Your task: Could you restate word for word every line from the one containing "方里(FUNNY ELVES) 双面植绒定妆粉扑粉饼替换散粉蜜粉扑脸部化妆工具便携亲肤" to the end of the data below, pictures excluded?

Stored items from a collection
* * *
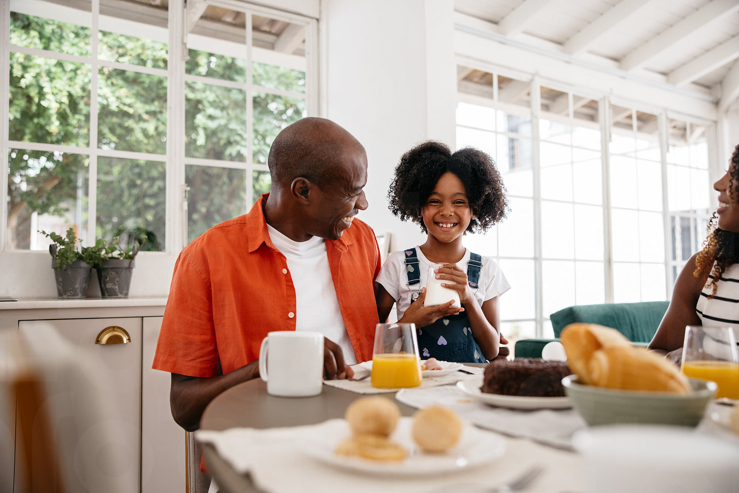 Father and daughter enjoying time together over breakfast in a sunny, modern kitchen setting with mother looking on.
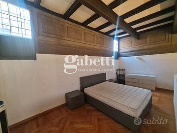 In palazzo storico totalmente ristrutturato da 10 anni circa e sottoposto al vincolo della Sovraintendenza dei Beni Culturali, appartamento posto al primo piano, servito da ascensore, con affacci interni, rappresentato da una ampia zona giorno con angolo cucina, un bagno, una scala che porta a un soppalco dove è posta la camera da letto.
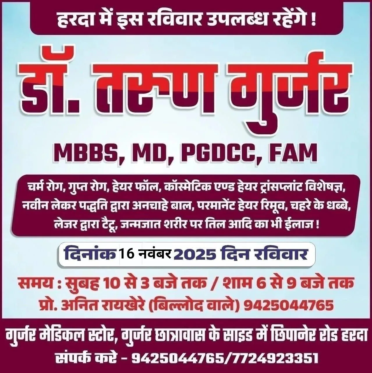 हरदा – इस बार रविवार 16 नवंबर को हरदा में उपलब्ध रहेंगे चर्म रोग विशेषज्ञ डॉ. तरुण गुर्जर मेडिकल स्टोर पर !
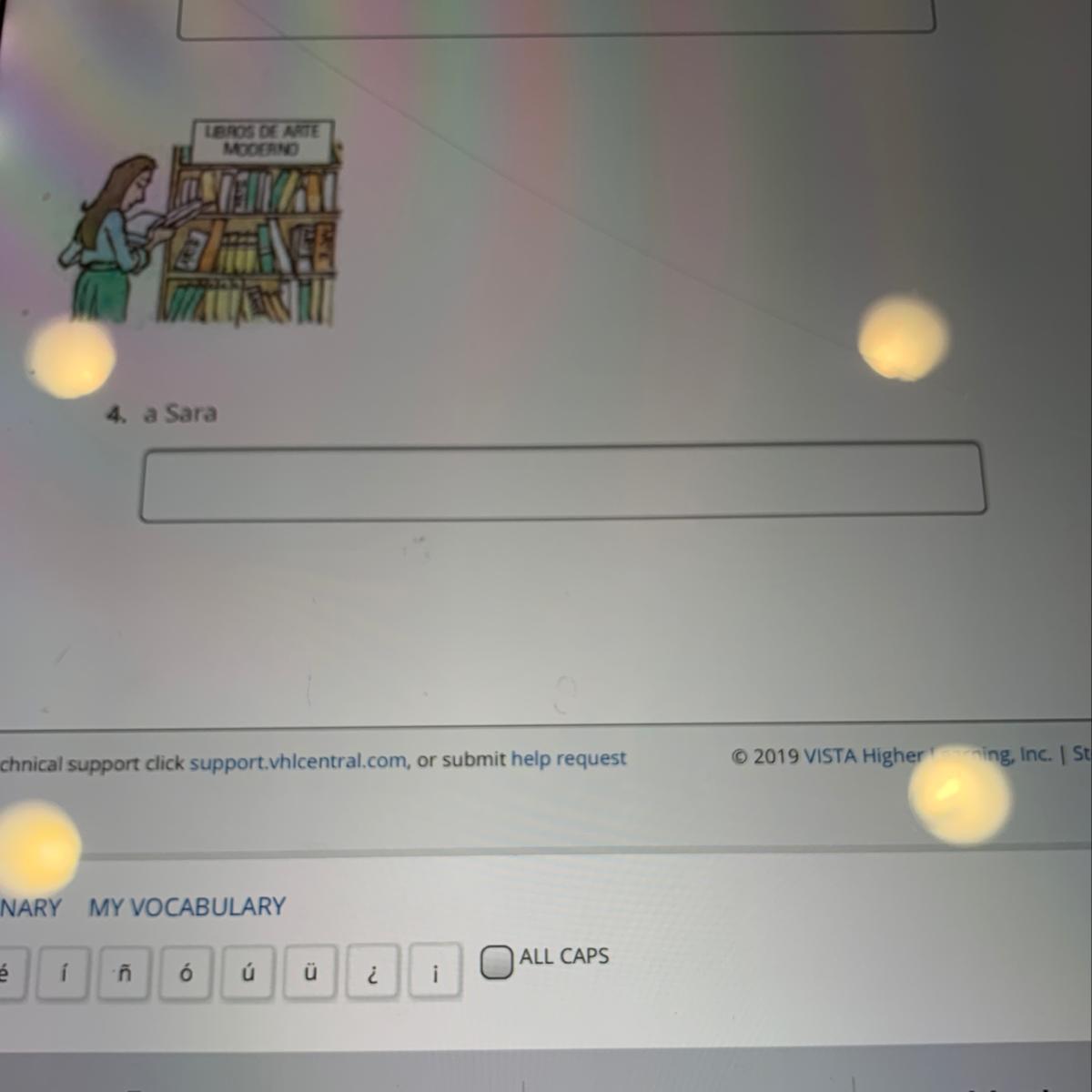 No hay ninguna lista de verbos, sin embargo, me gustaría ayudarte usando la lógica. En el cuadro, vemos a una chica llamada Sara que está leyendo algunos libros de una biblioteca. El el cuadro vemos una oración incompleta que dice:
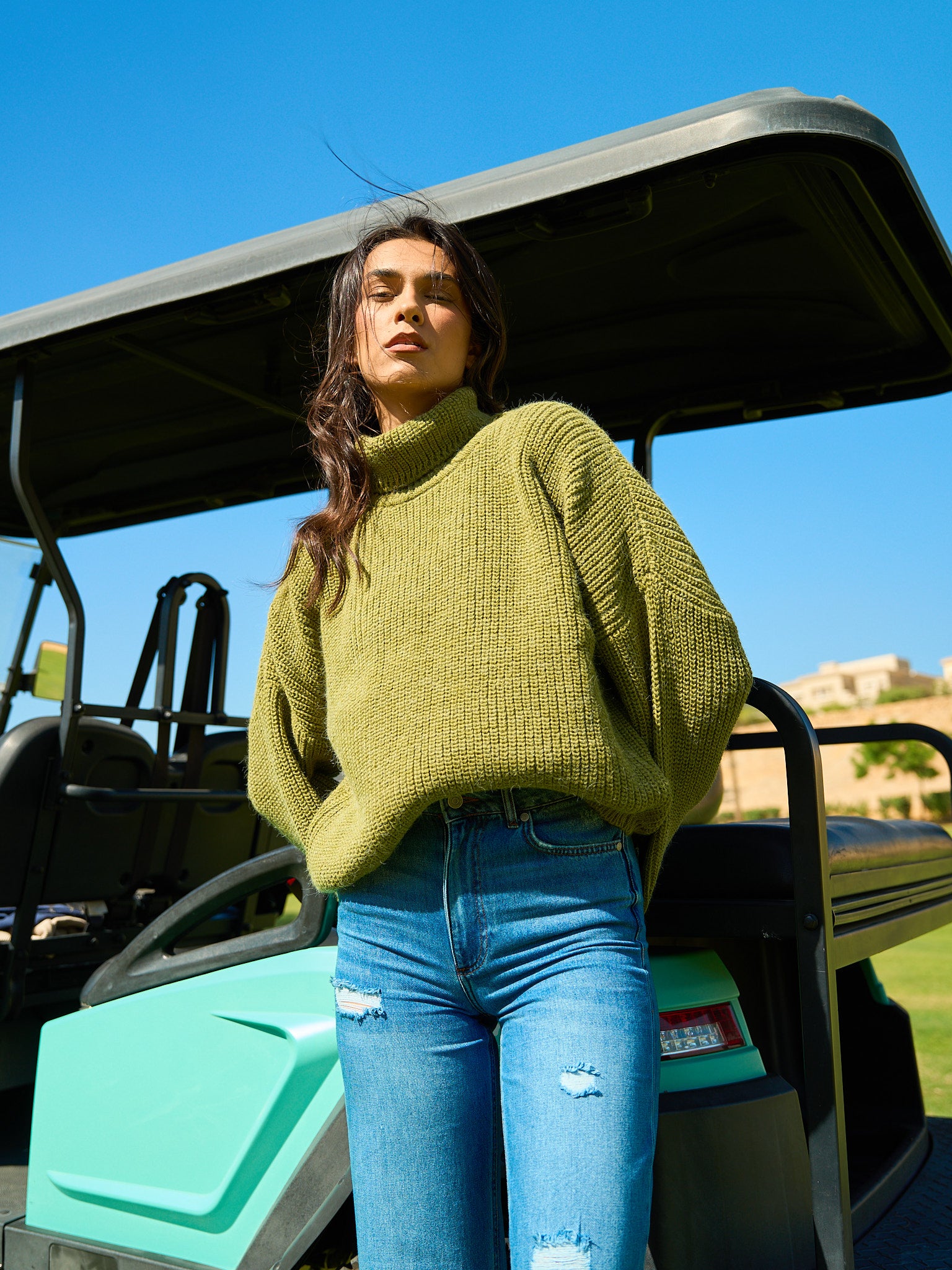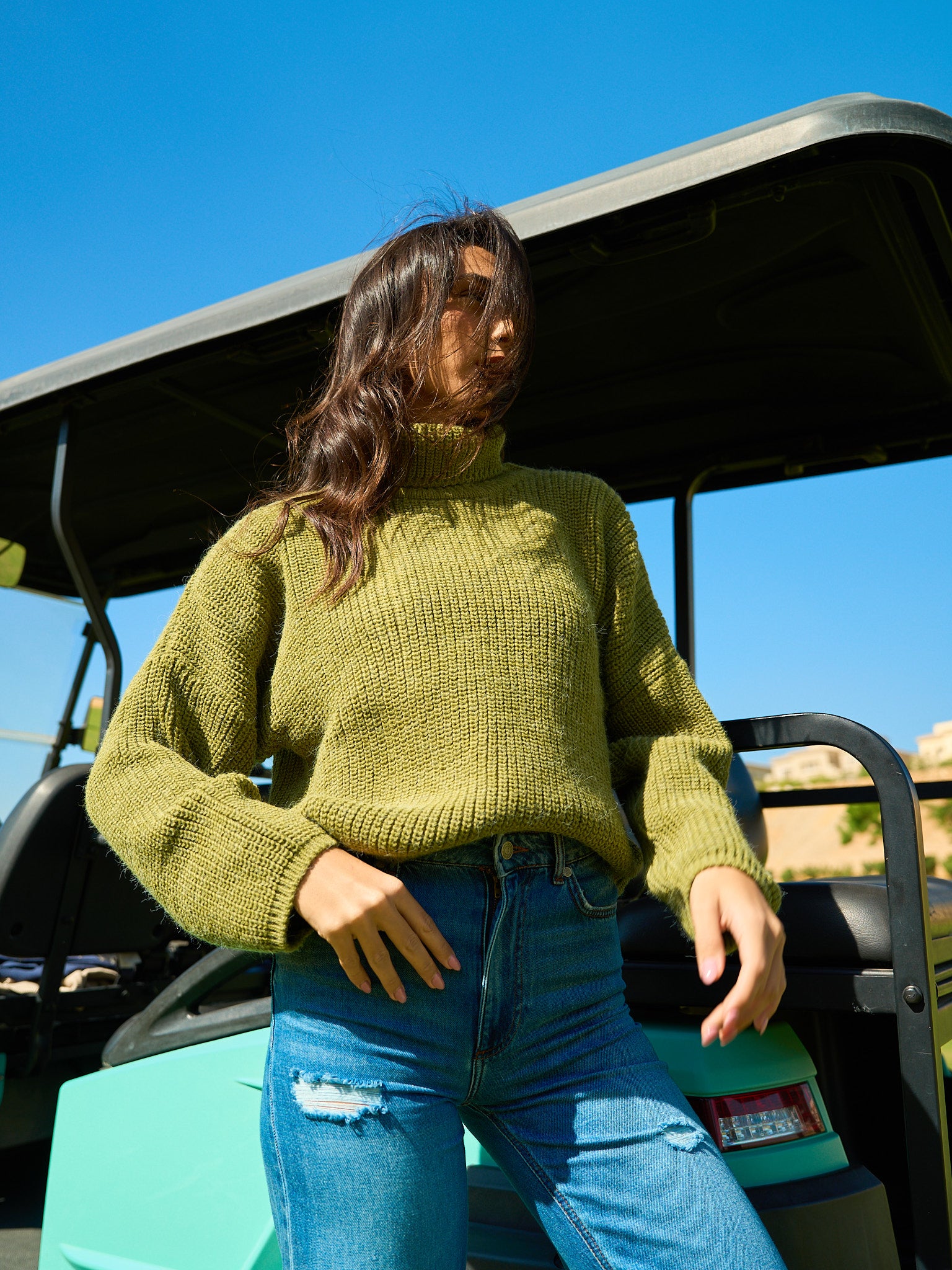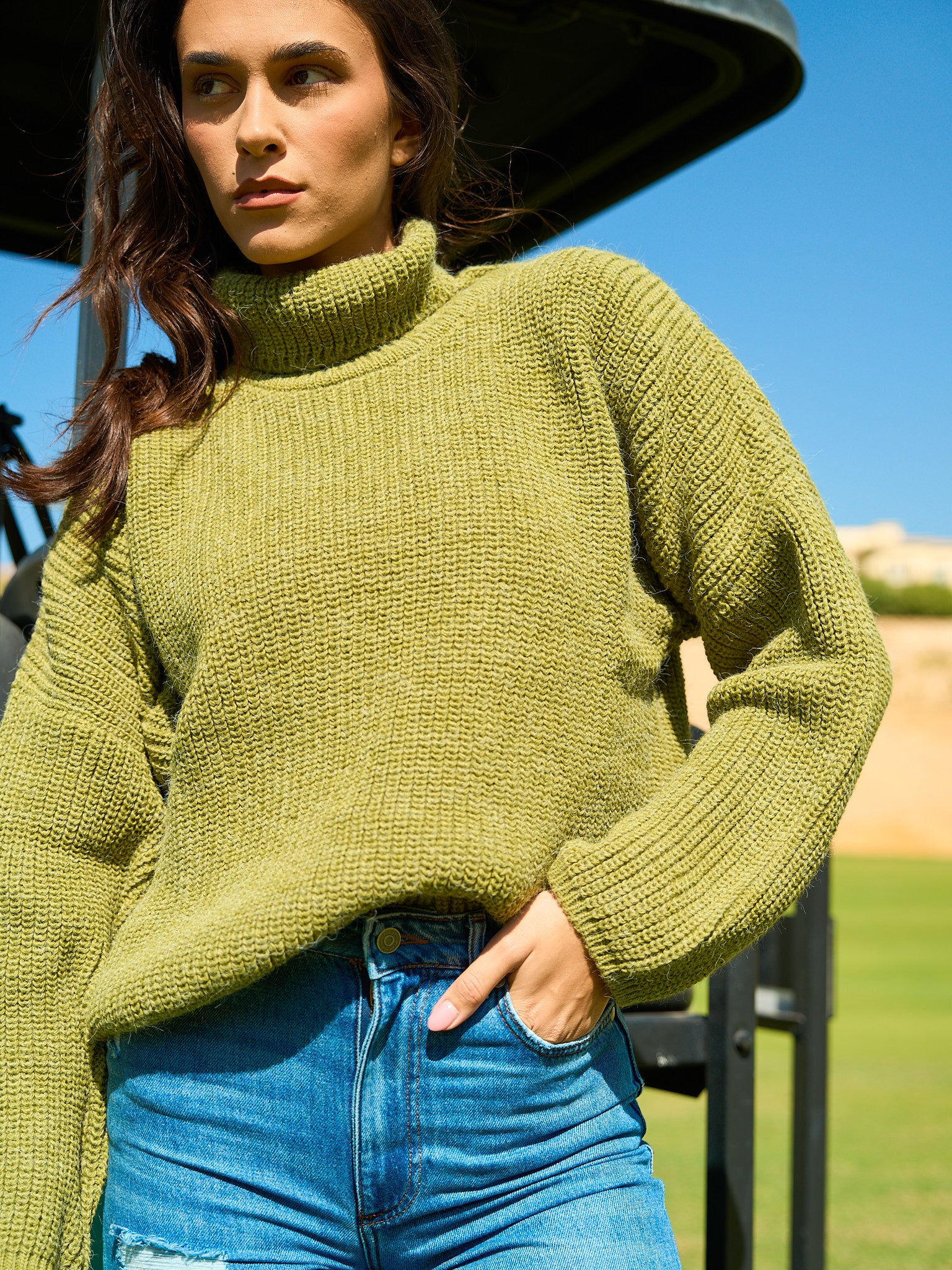 Essential is the perfect word to describe this soft knit wool jumper — it's a must-have for your winter wardrobe. It features a turtleneck with a rolled edge and long raglan sleeves.
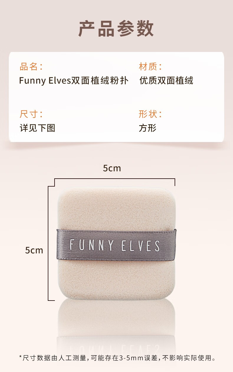 方里(FUNNY ELVES) 双面植绒定妆粉扑粉饼替换散粉蜜粉扑脸部化妆工具便携亲肤 双面植绒粉扑 1个
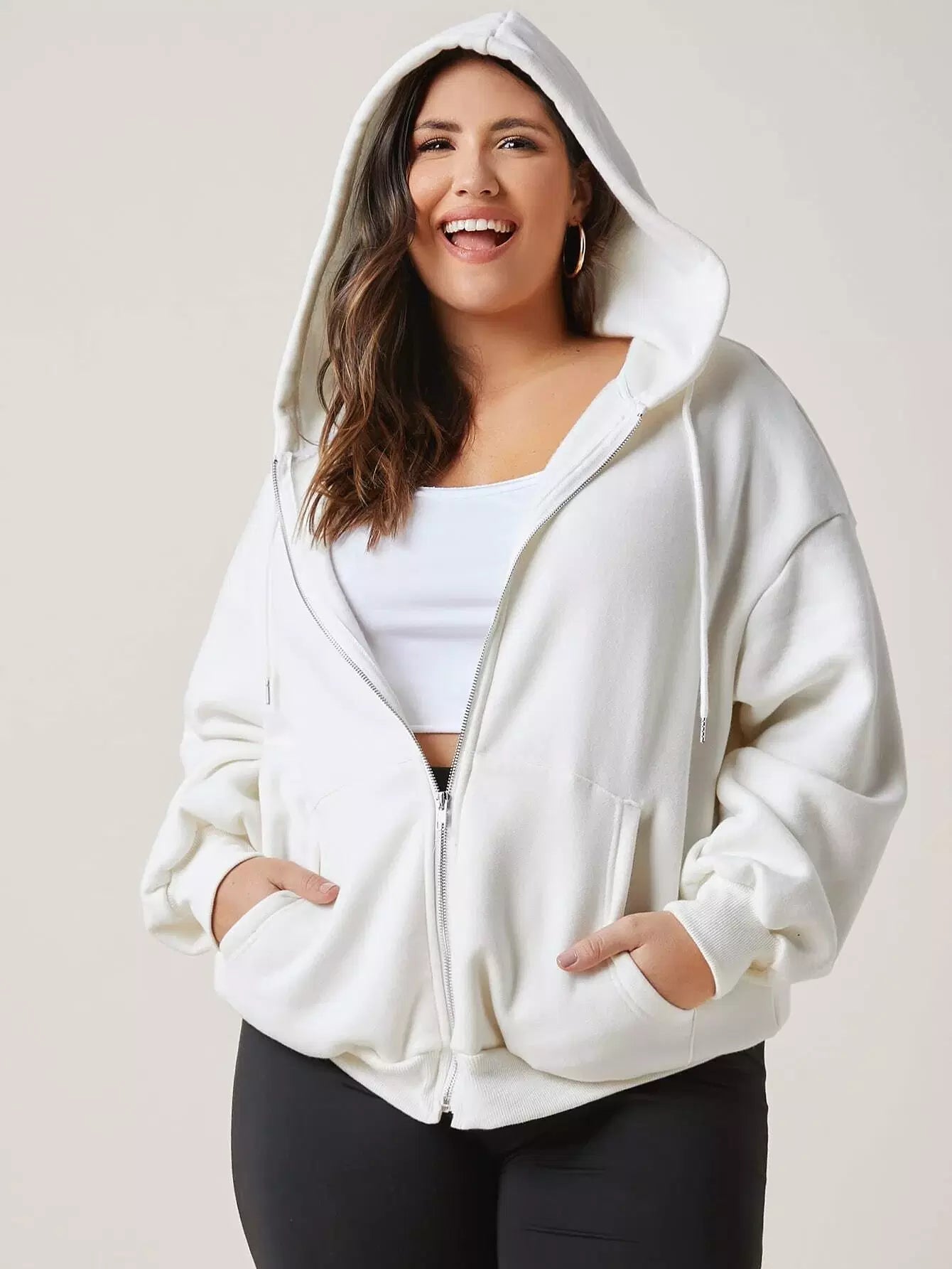 Plus Pocket Front Solid Zip Up Hoodie
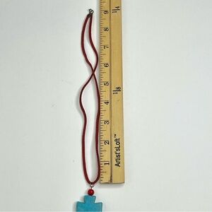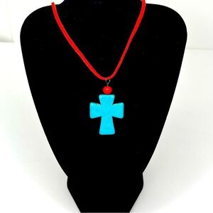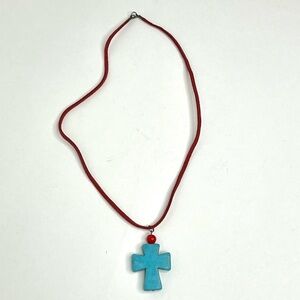 Handmade Southwestern Style Faux Turquoise Cross Necklace on Red Leather Cord
* * *
Response to the exercise:
 方里(FUNNY ELVES) 双面植绒定妆粉扑粉饼替换散粉蜜粉扑脸部化妆工具便携亲肤 双面植绒粉扑 1个
 Plus Pocket Front Solid Zip Up Hoodie
 Handmade Southwestern Style Faux Turquoise Cross Necklace on Red Leather Cord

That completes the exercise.